City Councilor Philip Palmieri, whose district includes part of the area, said the reopening of Front Street as part of downtown's CitySquare project is instrumental in linking the areas, with the Canal District eventually seeing spinoff from downtown developments and people coming from Boston by train. (Disclosure: The Worcester Business Journal rents office space from Palmieri.)
"Places like the canal zone and Shrewsbury Street were generally islands because you couldn't get to downtown," he said. "Now that we've opened it up, there is a pedestrian-friendly way which you can get to the downtown and to (the) East Side and the canal zone."
Yet while there's a lot of optimism, the area is not without its challenges.
Two parcels totaling 1.3 acres where auto parts shop Bumper to Bumper once stood are now empty lots facing Harding and Green that fill out the property between the three streets where Lorusso's buildings are. It's a prominent location in Kelley Square that officials want to see developed.
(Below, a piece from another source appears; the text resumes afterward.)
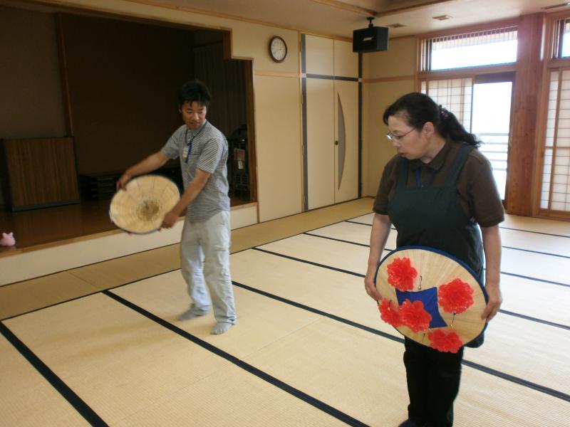花笠おどりマスターのため、花笠の湯の手伝いをしながら練習するのです。

McGourthy said the city has been working with the property owner who is seeking a buyer and called the property a "critical element."
"We want something that will help people connect into Kelley Square and ultimately across Kelley Square," he said.
Giangregorio said the area on the other side of the square, most notably Millbury Street, was traditionally the city's entertainment hub. Now, he said, there are about 20 empty storefronts, partially due to changes in Interstate 290 exits that altered traffic flow in the area.
"Like every business district, there are holes," Palmieri said. "They still have ways to go, but they are very proactive, probably one of the more creative business groups around ... and I think that's extraordinarily important, and I think in the end, they'll be enormously successful."